- **Problem statement**: Below are the records; give again exactly the lines from the one containing "ผลการเลือกตั้งกรรมการดำเนินการ และผู้ตรวจสอบกิจการประจำปี 2566" through the one containing "1月18日,河南省周口市住房", leaving out pictures.

- **Data for the task**:
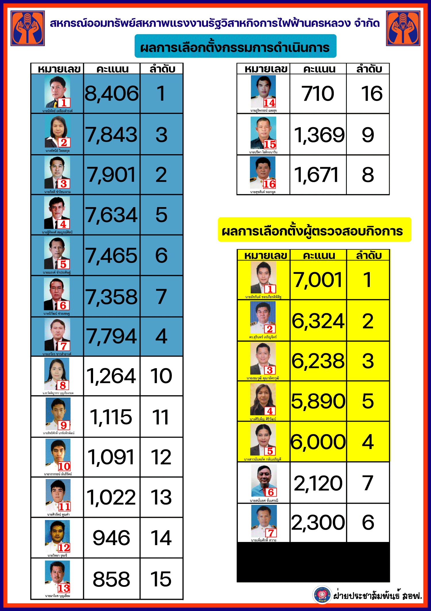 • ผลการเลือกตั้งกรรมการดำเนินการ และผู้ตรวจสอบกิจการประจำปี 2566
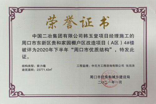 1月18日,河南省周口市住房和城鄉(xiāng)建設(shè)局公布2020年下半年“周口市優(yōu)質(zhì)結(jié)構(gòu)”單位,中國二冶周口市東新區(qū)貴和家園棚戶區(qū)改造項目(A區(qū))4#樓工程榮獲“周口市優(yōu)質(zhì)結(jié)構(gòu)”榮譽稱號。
* * *
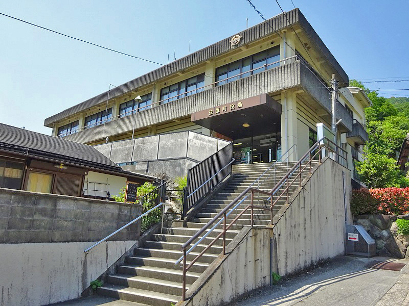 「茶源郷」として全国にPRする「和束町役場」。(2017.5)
---
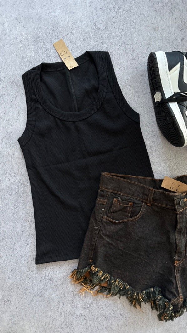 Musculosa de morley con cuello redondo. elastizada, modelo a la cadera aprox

- **Reply**:
 • ผลการเลือกตั้งกรรมการดำเนินการ และผู้ตรวจสอบกิจการประจำปี 2566
 1月18日,河南省周口市住房和城鄉(xiāng)建設(shè)局公布2020年下半年“周口市優(yōu)質(zhì)結(jié)構(gòu)”單位,中國二冶周口市東新區(qū)貴和家園棚戶區(qū)改造項目(A區(qū))4#樓工程榮獲“周口市優(yōu)質(zhì)結(jié)構(gòu)”榮譽稱號。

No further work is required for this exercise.